Creates a Rapport with Your Audience
A literature review helps you create a sense of rapport with your audience or readers so they can trust that you have done your homework. As a result, they can give you credit for your due diligence: you have done your fact-finding and fact-checking mission, one of the initial steps of any research writing.
As a student, you may not be an expert in a given field; however, by listing a thorough review in your research paper, you are telling the audience, in essence, that you know what you are talking about. As a result, the more books, articles, and other sources you can list in the literature review, the more trustworthy your scholarship and expertise will be. Depending on the nature of your research paper, each entry can be long or short.
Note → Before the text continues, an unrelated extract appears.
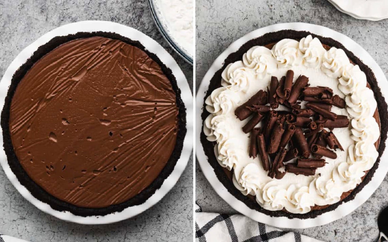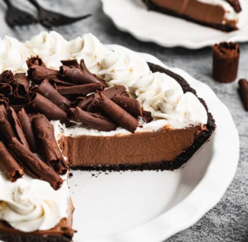 The pie starts with a crunchy Oreo crust, filled with a rich chocolate pudding, and topped with fluffy whipped cream. It’s perfect for chocoholics and pie lovers alike. Get ready to impress your friends and family with this decadent treat!

For example, if you are writing a doctoral dissertation or master’s thesis, the entries can be longer than the ones in a term paper. The key is to stick to the gist of the sources as you synthesize the source in the review: its thesis, research methods, findings, issues, and further discussions mentioned in the source.
It Helps You Avoid Incidental Plagiarism
Imagine this scenario. You have written a research paper, an original paper in your area of specialization, without a literature review. When you are about to publish the paper, you soon learn that someone has already published a paper on a topic very similar to yours. Of course, you have not plagiarized anything from that publication; however, if and when you publish your work, people will be suspicious of your authenticity. They will ask further about the significance of repeating similar research. In short, you could have utilized the time, money, and other resources you have wasted on your research on something else. Had you prepared a literature review at the onset of your research, you could have easily avoided such mishap. During the compilation of your review, you could have noticed how someone else has done similar research on your topic. By knowing this fact, you can tailor or tweak your own research in such a way that it is not a mere rehashing of someone else’s original or old idea.
It Sharpens Your Research Focus
s you assemble outside sources, you will condense, evaluate, synthesize, and paraphrase the gist of outside sources in your own words. Through this process of winnowing, you will be able to place the relevance of your research in the larger context of what others researchers have already done on your topic in the past (See Reference 1).
The literature review will help you compare and contrast what you are doing in the historical context of the research as well as how your research is different or original from what others have done, helping you rationalize why you need to do this particular research.